Step outside on a October morning and the only sound is pine needles shifting in the wind. Below the terrace, a thin mist sits over the Colfiorito plateau — the same wetland that earned its place on the international Ramsar Convention list back in 1976, one of central Italy's most ecologically significant protected landscapes. This is not a sanitized agriturismo experience. This is the real Umbria: quiet, unhurried, and genuinely rare at this price point.

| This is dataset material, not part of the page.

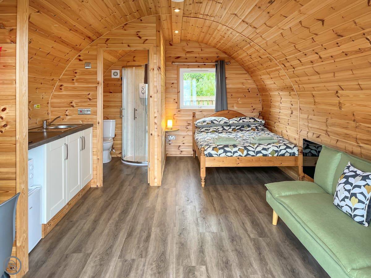 It's for two people. One room, with a double bed, and a shower room. Everything's open plan. It's got a 3 Star rating, so it's comfortable and clean. There's a small kitchen area, a TV, and WiFi. Bedding and towels are included. You can bring one dog.
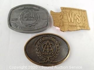 Lot Details: Includes International Association of Chiefs of Police buckle, 60th Anniversary Washington State Patrol buckle, 1959 Montana Law Enforcement Academy buckle, Calgary 1983 Police Service buckle, 100 Year Anniversary Washington Police Chief's Association buckle, 50th Anniversary Oregon State Police buckle, Alexandria Law Enforcement Training buckle and Michigan State Police buckle.

The property itself is a three-storey detached villa of 215 square metres, built in 1970 and maintained in good condition throughout. What sets it apart immediately — apart from the private pine forest of roughly two hectares surrounding it — is the structural independence between its living spaces. Two entirely separate entrances mean the house works equally well as a generous single-family retreat and as a property with a self-contained guest annexe. Families who want their own floors, friends travelling together who value privacy, or owners considering short-term rental income: the layout serves all of these scenarios without requiring a single wall moved.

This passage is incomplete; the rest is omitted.